What needs to be done » In the records below, take the line with "Receta de Bacalao" and all lines after it, and copy them exactly, pictures excluded.

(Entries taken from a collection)
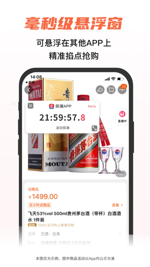悬浮时钟:倒计时秒表悬浮提醒,毫秒级卡点下单;
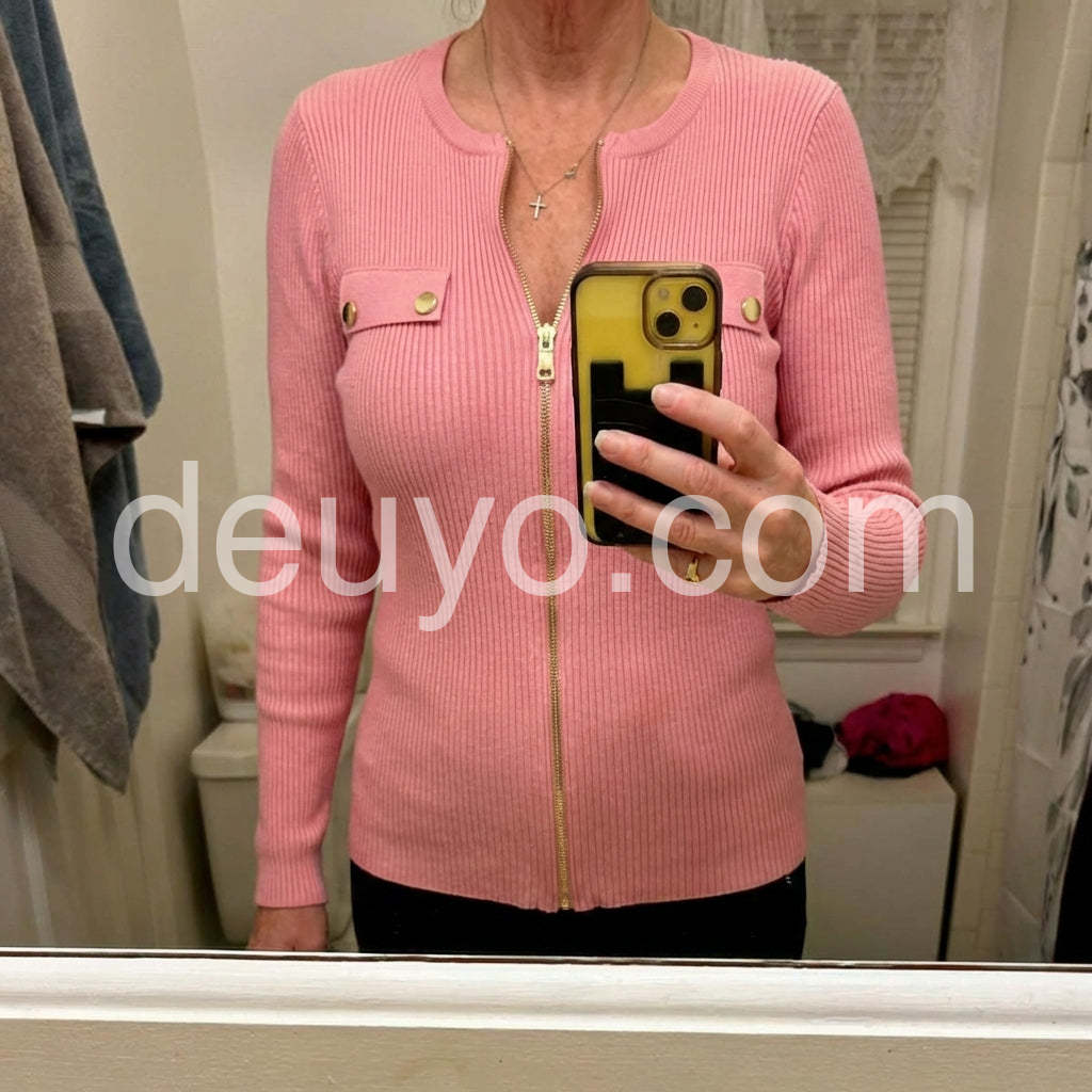 Elevate your wardrobe with our Sweet Pink Plain Zip V-Neck Knit Top. The soft knit material's luxurious feel makes it perfect for all-day comfort, while the modern V-neck and zip design adds a touch of sophistication. Upgrade your style with this classic and versatile top.
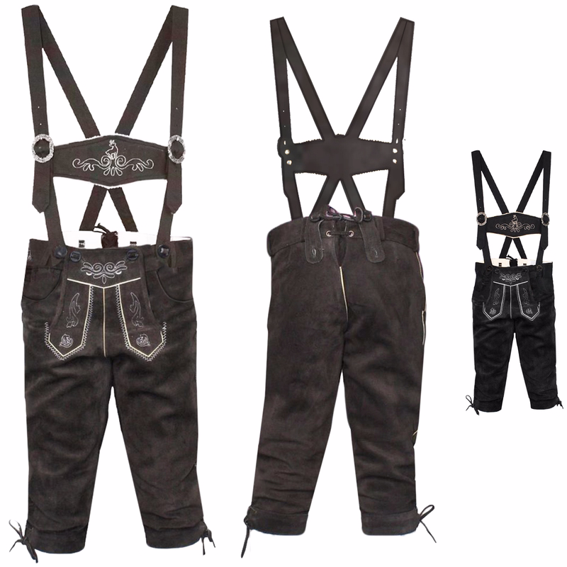 Traditionelle Lederhosen für Jungen mit Hosenträgern – das perfekte Kinder-Oktoberfest-Outfit und ein zeitloses Stück authentischer bayerischer Tracht. Gefertigt aus 100 % hochwertigem Rindsveloursleder sind diese knielangen Lederhosen weich, strapazierfähig und angenehm auf der Haut. Wunderschöne beige Stickereien und Paspeln unterstreichen die traditionelle deutsche Handwerkskunst, während eine seitliche Messertasche für authentische Details sorgt. Mit sicherem Knopfverschluss und in elegantem Dunkelbraun/Schwarz bieten diese traditionellen Jungenhosen sowohl Stil als auch Langlebigkeit für festliche Anlässe.
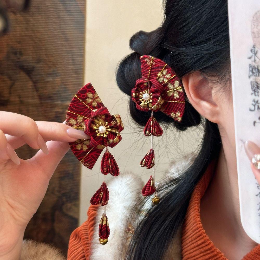 Колокольчик Кимоно Сакура Заколка для волос Цветок Ханьфу Веер Зажим для волос Милый Веер с кисточкой Зажим для волос На улице
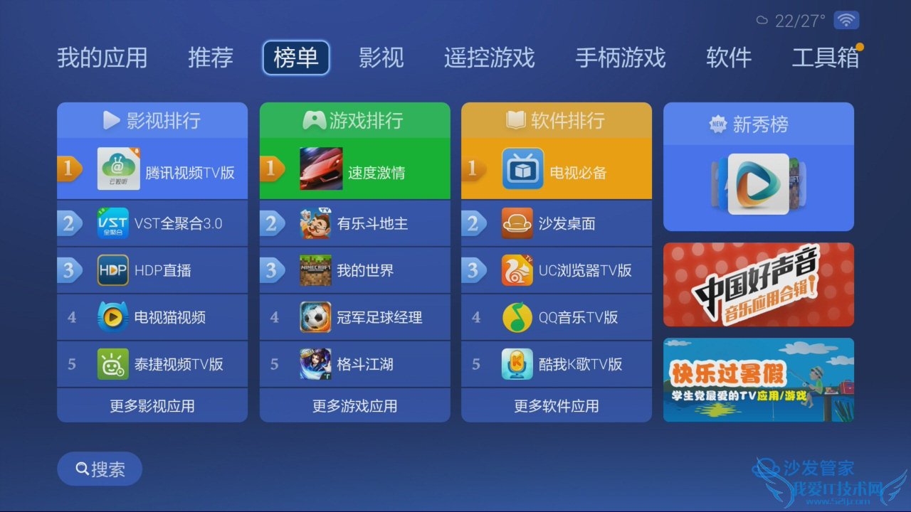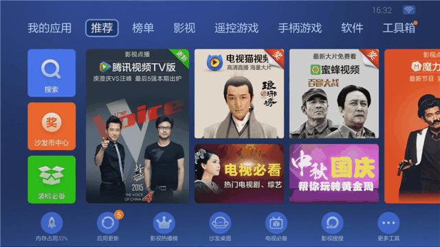 沙发管家安装好后,即可直接在电视上快捷安装各类视频、音乐、游戏、早教等应用,沙发管家→推荐→电视必备有很多常用应用,如直播可以用HDP ,点播用布丁视频 。
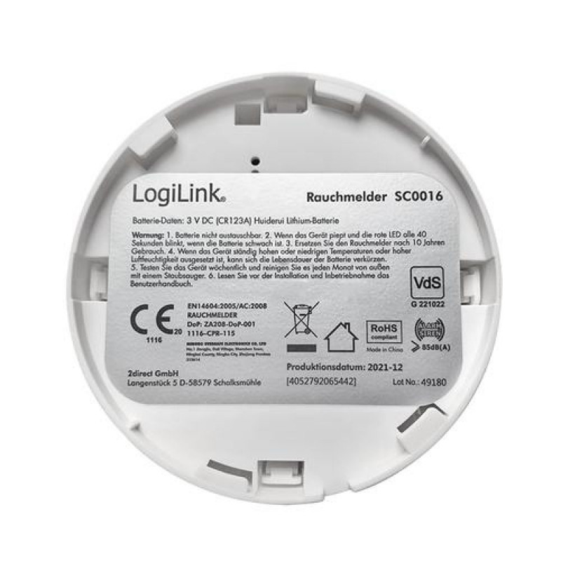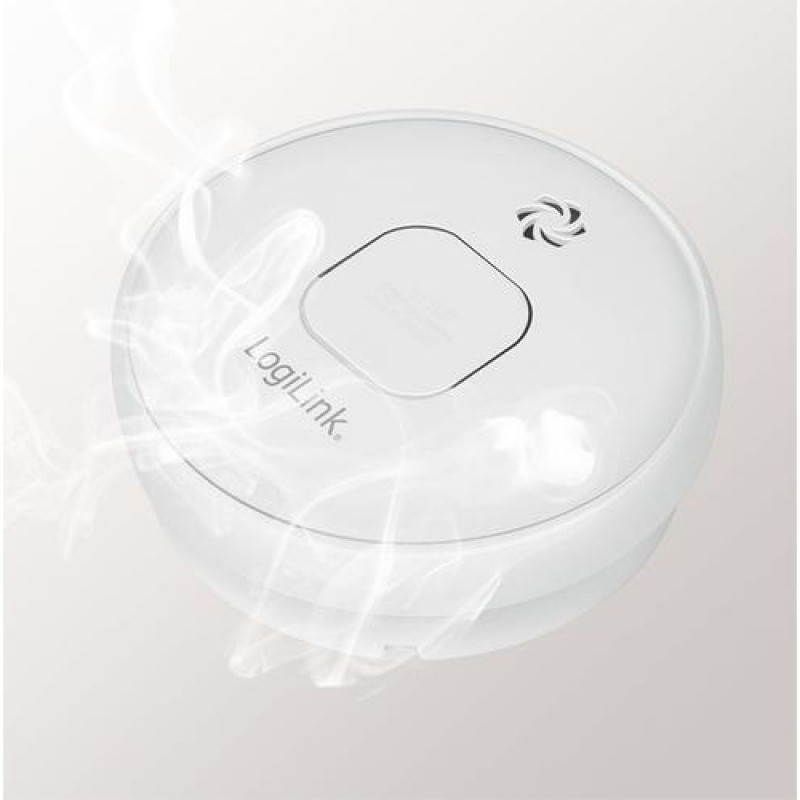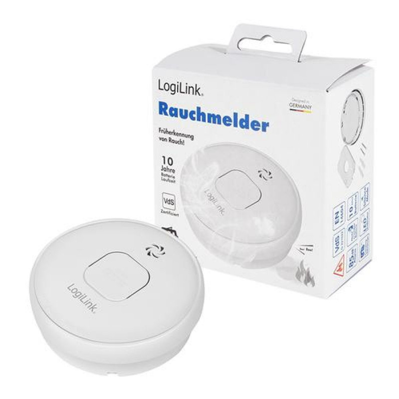 Make your life safer – This smoke detector with 3 V lithium battery has photoelectric sensor which is optimized to detect even slow smoldering fires. Alarm also features a loud 85 dB alarm, easy mounting bracket, a single test/silence button, and an end-of-life signal so you know when to replace the battery. For maximum protection and the ultimate in assurance, you can depend on Logilink's smoke detector to secure what matters most in life.LogiLink SC0016. Detector type: Photoelectrical reflection detector, Connectivity technology: Wireless, Product colour: White. Power source: DC, Battery voltage: 3 V, Battery technology: Lithium. Certification: CE, VdS. Diameter: 10 cm, Height: 33.6 mm, Weight: 91 g. Package width: 104 mm, Package depth: 50 mm, Package height: 104 mm
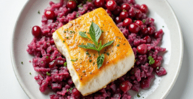Receta de Bacalao Noruego con Remolacha y Ensalada de Arandanos
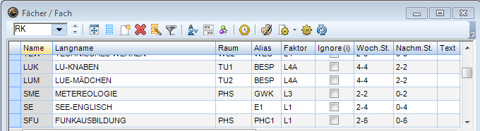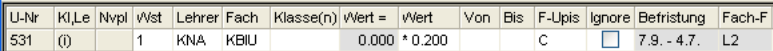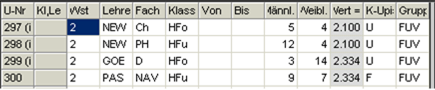 Bei den Ansichten für Stammdaten und Unterricht kann nur die Rasteransicht der Fenster verändert werden, d.h. die Formularansicht ist vom Anwender nicht veränderbar.
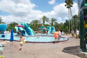 Pools at the Moderate Resorts are large, themed pools, smaller “quiet” pools, and hot tubs. Guest will find water slides here, too.
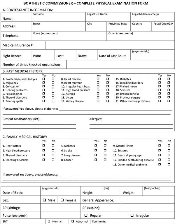 (b) the written report of a physician, in the English language, of a physical examination performed on the contestant by the physician in the 90-day period immediately preceding the date of the event, which report sets out the information required to complete the form set out as Schedule A;
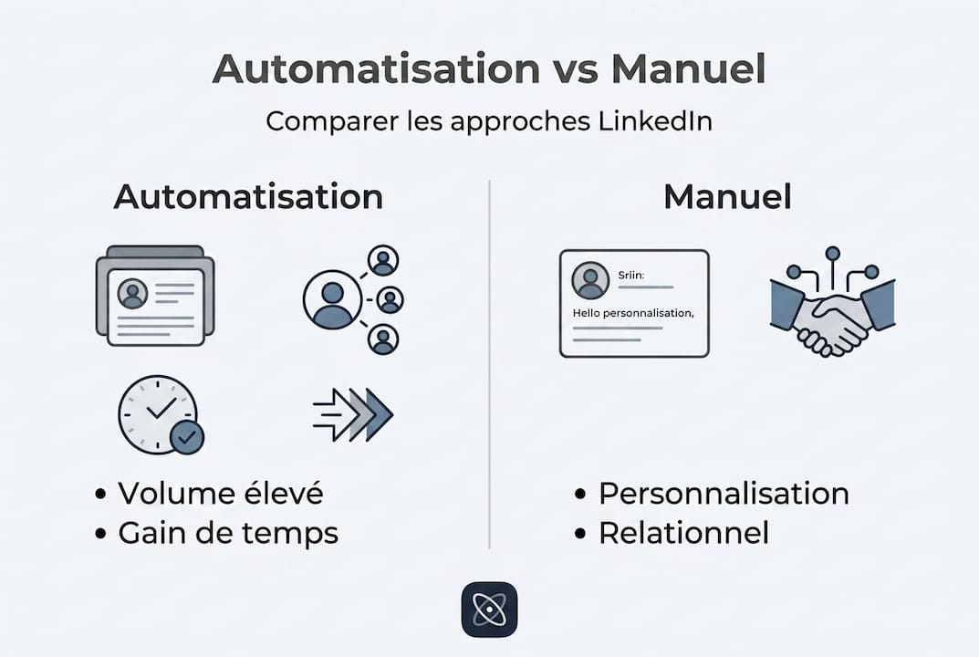 - Automatisation : rapide, scalable, testable, idéale pour les campagnes larges, mais nécessite des limites d'automatisation LinkedIn strictement respectées
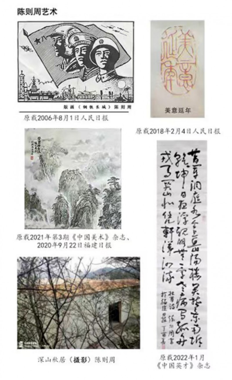博学多才陈则周名列巜世界名人录》《世界国宝级艺术名师收藏大典》等。荣获文学界最高奖鲁迅文学奖、散文作为福建省中考语文试题、两篇论文成中国人民大学教材。作为著名书画大师其书画悬挂人民大会堂,被中国国家博物馆等收藏,制作邮票入碑林。数十位党和国家领导观看他书画、篆刻、演唱并合影。这位书画大师也是国家一级美求师、高级工艺美术师。近年其国画、书法多次在国内外拍卖出较高价。数十年人民日报8次报道其业绩,并刊登其书画七八十幅,成为在人民日报发表书画数量最多者。此外他先后在人民日报、新华社、福建日报等刊登报告文学《八闽抗天曲》,及《激情西湖》《福州防空袭演习侧记》《美丽鼓岭》等报道,翔实生动记述当年跟随采写时任福建省长的习近平总书记主政福建期间的光辉业绩。这位著名音乐大师多次获央视、光影卫视、世界明星金奖,上过春晚。2024年央视等推出陈则周大型演唱会,2025年央视及光影视联办《陈则周杯歌手大奖赛,他为这捐资38万元。目前众多人在报名参赛。“勤为径,诚则周”,他诠释自己名字,寓意刻苦心诚才能成全其业并日臻全面!数十年来他以此格言不懈奋发,向世界传播中华优秀传统文化和新吋代文艺兴盛作出卓越成就和杰出贡献,为祖国争了光。他感恩党关怀感谢福建日报培养和社会各届支持。
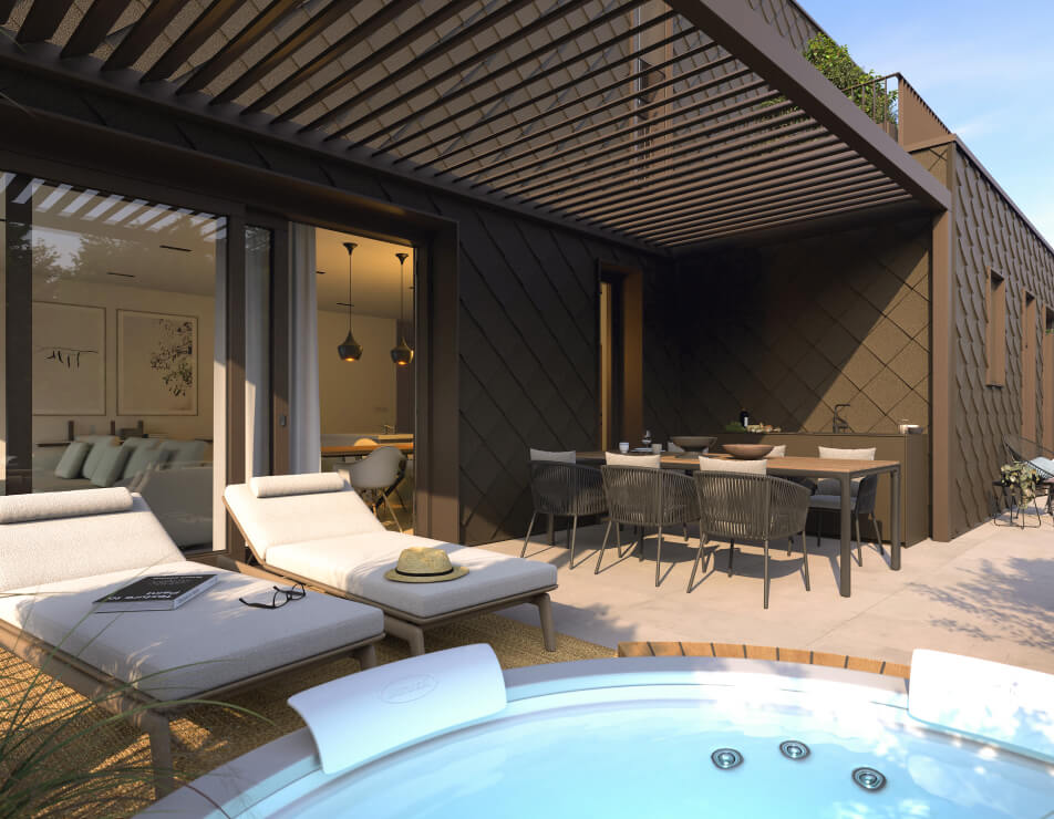 Vsako stanovanje v soseski Pod hribom je oblikovano z mislijo na sodobno življenje – od živahnih družinskih trenutkov do umirjenih, intimnih večerov na lastni terasi, loži ali v atriju. Poseben vrhunec predstavlja 29 terasnih stanovanj v višjih nadstropjih, ki s prostornimi zunanjimi površinami prinašajo občutek popolne svobode.

Worked solution »
Receta de Bacalao Noruego con Remolacha y Ensalada de Arandanos
 Bei den Ansichten für Stammdaten und Unterricht kann nur die Rasteransicht der Fenster verändert werden, d.h. die Formularansicht ist vom Anwender nicht veränderbar.
 Pools at the Moderate Resorts are large, themed pools, smaller “quiet” pools, and hot tubs. Guest will find water slides here, too.
 (b) the written report of a physician, in the English language, of a physical examination performed on the contestant by the physician in the 90-day period immediately preceding the date of the event, which report sets out the information required to complete the form set out as Schedule A;
 - Automatisation : rapide, scalable, testable, idéale pour les campagnes larges, mais nécessite des limites d'automatisation LinkedIn strictement respectées
博学多才陈则周名列巜世界名人录》《世界国宝级艺术名师收藏大典》等。荣获文学界最高奖鲁迅文学奖、散文作为福建省中考语文试题、两篇论文成中国人民大学教材。作为著名书画大师其书画悬挂人民大会堂,被中国国家博物馆等收藏,制作邮票入碑林。数十位党和国家领导观看他书画、篆刻、演唱并合影。这位书画大师也是国家一级美求师、高级工艺美术师。近年其国画、书法多次在国内外拍卖出较高价。数十年人民日报8次报道其业绩,并刊登其书画七八十幅,成为在人民日报发表书画数量最多者。此外他先后在人民日报、新华社、福建日报等刊登报告文学《八闽抗天曲》,及《激情西湖》《福州防空袭演习侧记》《美丽鼓岭》等报道,翔实生动记述当年跟随采写时任福建省长的习近平总书记主政福建期间的光辉业绩。这位著名音乐大师多次获央视、光影卫视、世界明星金奖,上过春晚。2024年央视等推出陈则周大型演唱会,2025年央视及光影视联办《陈则周杯歌手大奖赛,他为这捐资38万元。目前众多人在报名参赛。“勤为径,诚则周”,他诠释自己名字,寓意刻苦心诚才能成全其业并日臻全面!数十年来他以此格言不懈奋发,向世界传播中华优秀传统文化和新吋代文艺兴盛作出卓越成就和杰出贡献,为祖国争了光。他感恩党关怀感谢福建日报培养和社会各届支持。
 Vsako stanovanje v soseski Pod hribom je oblikovano z mislijo na sodobno življenje – od živahnih družinskih trenutkov do umirjenih, intimnih večerov na lastni terasi, loži ali v atriju. Poseben vrhunec predstavlja 29 terasnih stanovanj v višjih nadstropjih, ki s prostornimi zunanjimi površinami prinašajo občutek popolne svobode.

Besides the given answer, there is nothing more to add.